# Polishing a Satin Finish to Gloss?



## Thall My Circuits (Sep 23, 2019)

I've been searching the internet for the last week looking for answers to my question and have come up empty handed.

I recently purchased an Agile Legacy Pro 727 for the sheer value of the materials versus the cost.

Specs:
27" scale 7 string
African Mahogany body (matchbooked 2 piece)
5-piece bolt on neck
5mm maple top with beautiful burl
ebony fretboard

For $500, I couldn't ignore this beautiful guitar even though I was aware of the risks.
All that aside, the guitar is fantastic and play amazing. My ONLY concern is the extreme Satin finish. I was aware that the finish was going to be satin, but I feel it hides the gorgeous top unless it is in direct light. Pictured below is the guitar at a 45 degree angle to show how the finish hides the top. I spoke with customer service who confirmed with the factory that it is a polyurethane finish that was not polished to gloss.

I don't have experience with guitar finished or poly, but my experience with standard/automotive paint says i should be able to buff this to add clarity. I tested a small area using only a small bit of cut and polish which I applied by hand. This test area appears more reflective (like a grease spot) but did not boost the clarity of the finish. I'm curious if I need to wetsand the top first or if I only need to bring out the DA and give it a real buff.

Any advice is welcome!


----------



## MaxOfMetal (Sep 23, 2019)

The formula for satin and gloss poly is different. You'll be able to buff it to mostly a semi-gloss, as you've done in your test, but you're not going to be able to get a glassy, "wet" looking, high gloss. 
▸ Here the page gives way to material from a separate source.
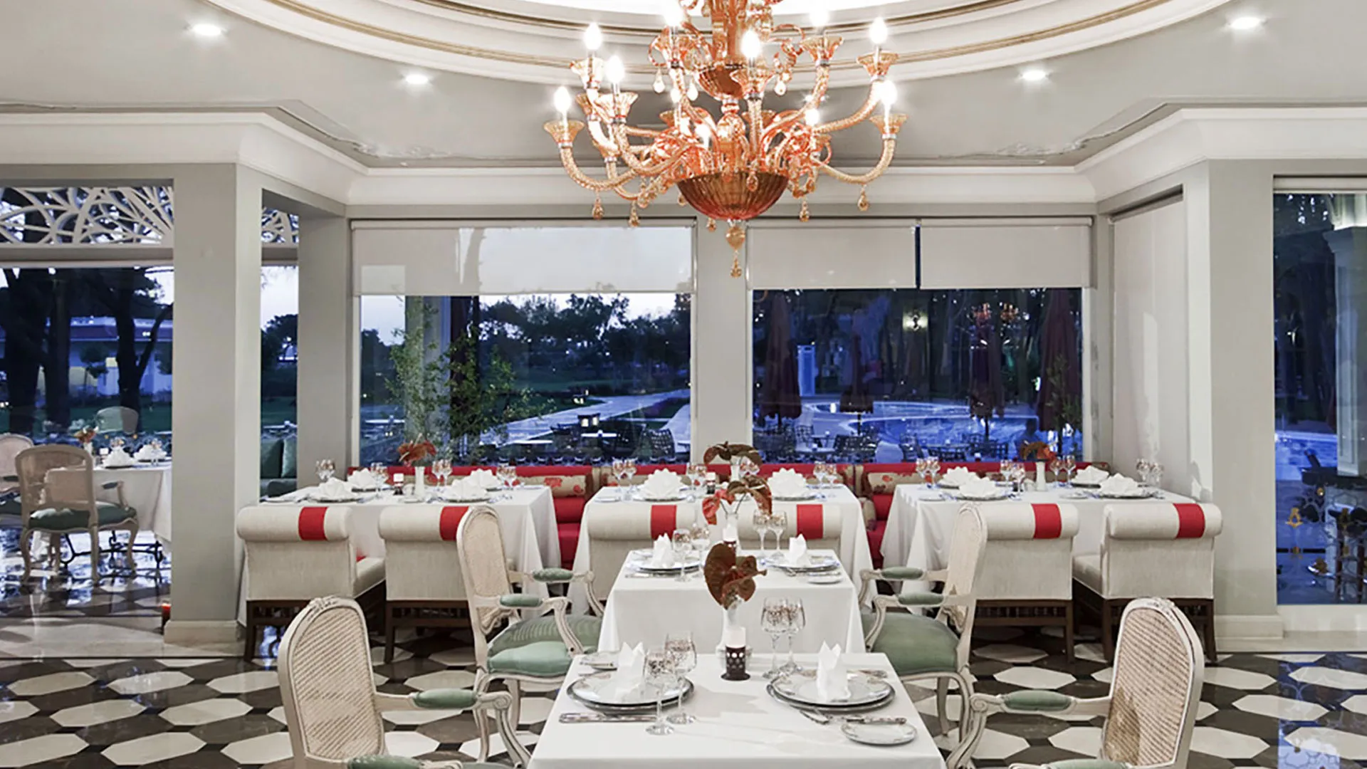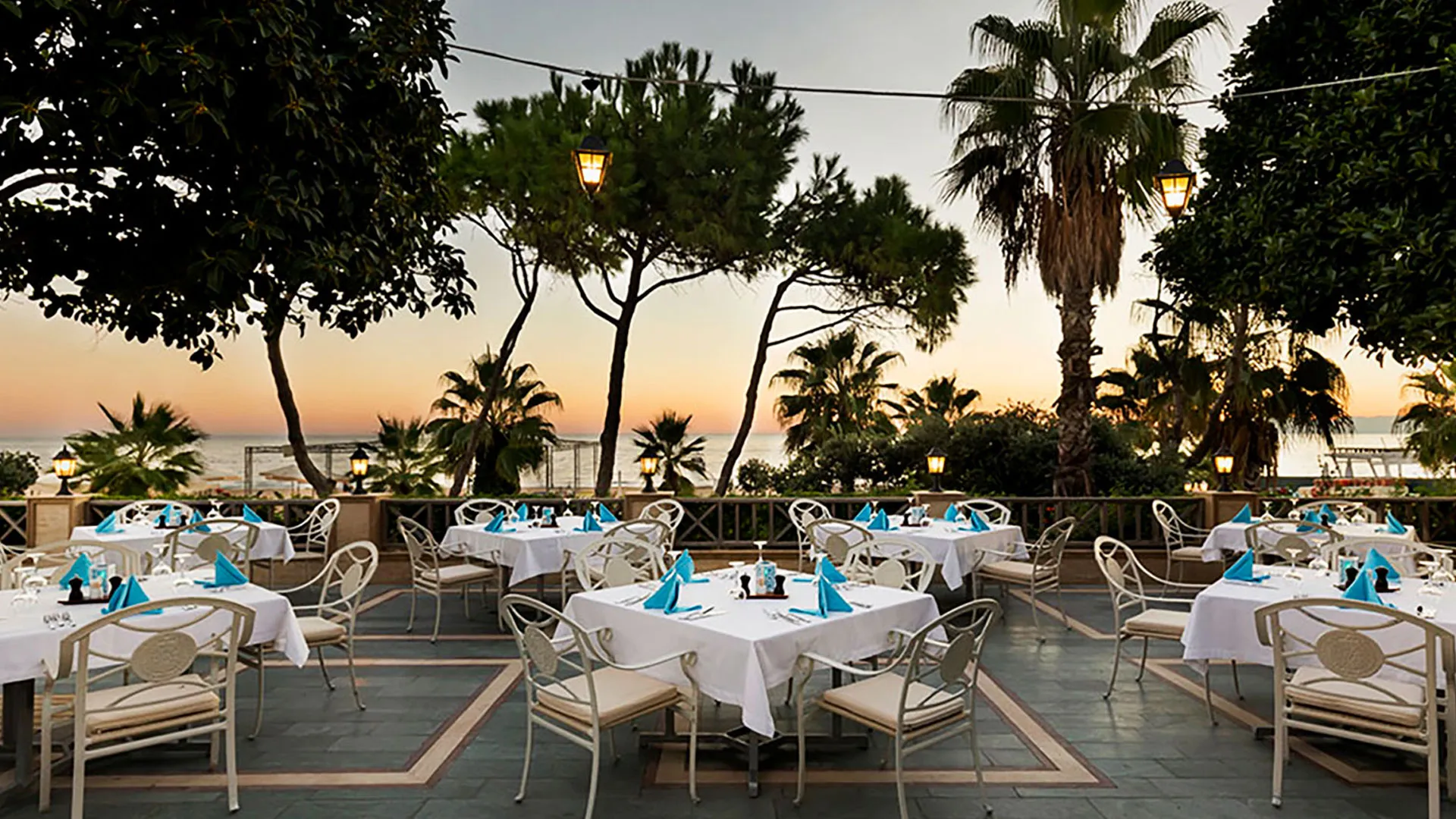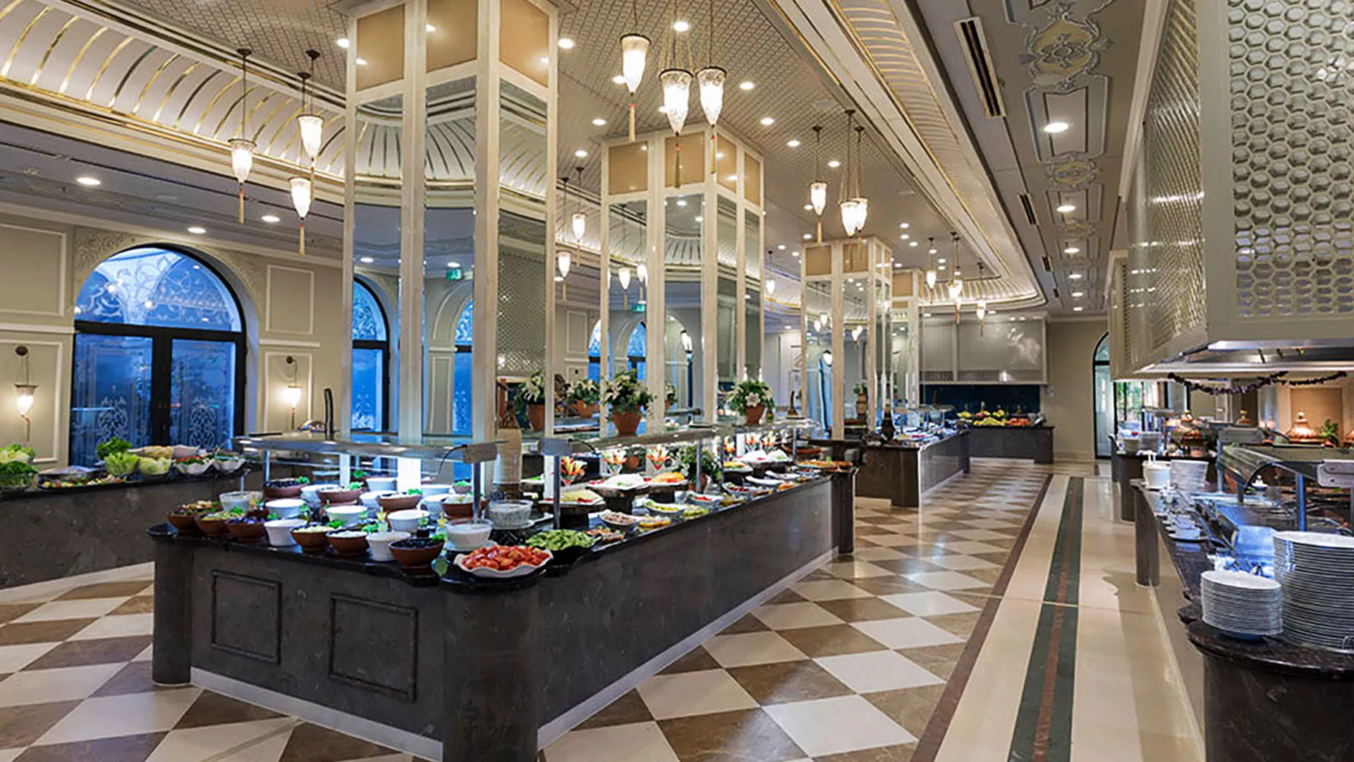 Ресторантите на комплекса сервират пресни морски дарове и турски специалитети. В комплекса има 5 бара и кафене, където се предлагат традиционни сладкиши.

It shouldn't be too hard to strip it to sealer and hit it with some spray gloss though.


----------



## Thall My Circuits (Sep 23, 2019)

MaxOfMetal said:


> The formula for satin and gloss poly is different. You'll be able to buff it to mostly a semi-gloss, as you've done in your test, but you're not going to be able to get a glassy, "wet" looking, high gloss.
> 
> It shouldn't be too hard to strip it to sealer and hit it with some spray gloss though.
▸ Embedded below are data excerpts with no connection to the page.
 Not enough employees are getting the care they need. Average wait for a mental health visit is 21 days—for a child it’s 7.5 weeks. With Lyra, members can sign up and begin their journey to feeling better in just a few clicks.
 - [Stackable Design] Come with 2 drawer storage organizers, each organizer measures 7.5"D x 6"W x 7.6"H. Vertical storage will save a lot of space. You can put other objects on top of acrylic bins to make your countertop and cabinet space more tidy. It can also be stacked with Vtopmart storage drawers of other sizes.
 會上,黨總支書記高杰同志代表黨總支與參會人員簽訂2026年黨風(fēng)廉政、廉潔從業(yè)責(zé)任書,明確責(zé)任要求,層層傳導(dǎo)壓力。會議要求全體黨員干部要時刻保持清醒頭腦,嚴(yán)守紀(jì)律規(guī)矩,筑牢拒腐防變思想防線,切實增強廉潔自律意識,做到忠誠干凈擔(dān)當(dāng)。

Excellent. I forgot to mention that I'm not looking for high gloss. I'm actually okay with a low-gloss or even decent satin. I just feel as though it's too intense currently and would like a bit more clarity because the top deserves to be seen.
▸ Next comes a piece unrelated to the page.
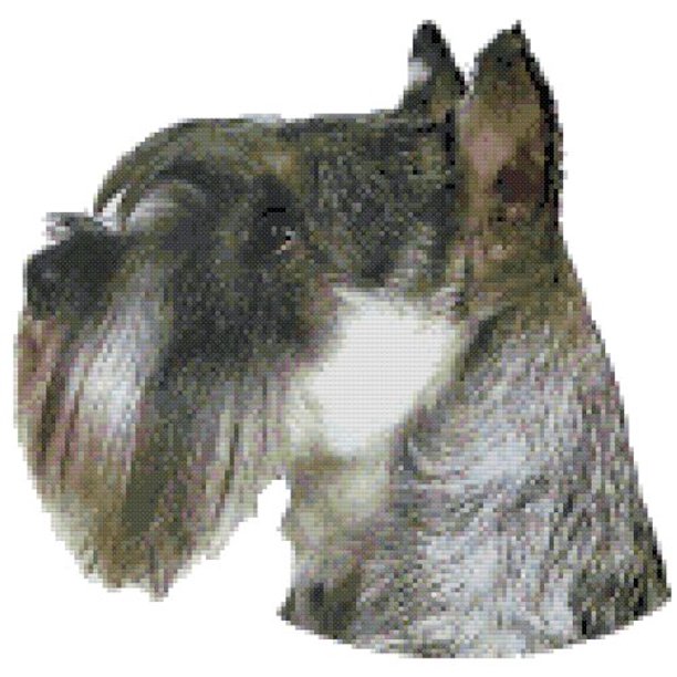 This counted cross stitch pattern of a schnauzer was created from a photograph copyright of www.photostogo.com.

Here it is in direct light


----------



## MaxOfMetal (Sep 23, 2019)

Thall My Circuits said:


> Excellent. I forgot to mention that I'm not looking for high gloss. I'm actually okay with a low-gloss or even decent satin. I just feel as though it's too intense currently and would like a bit more clarity because the top deserves to be seen.
> 
> Here it is in direct light



If it's sprayed in layers you might not be able to get much more clarity, but it's worth a shot. 

You can always mesh sand it back to satin if you don't like the results.


----------



## Thall My Circuits (Sep 23, 2019)

MaxOfMetal said:


> If it's sprayed in layers you might not be able to get much more clarity, but it's worth a shot.
> 
> You can always mesh sand it back to satin if you don't like the results.


That's exactly what I'm thinking. I'm not afraid to strip it down and refinish it if necessary. just trying to take the easiest route first. I truly appreciate all of your help!


----------



## Randy (Sep 23, 2019)

MaxOfMetal said:


> It shouldn't be too hard to strip it to sealer and hit it with some spray gloss though.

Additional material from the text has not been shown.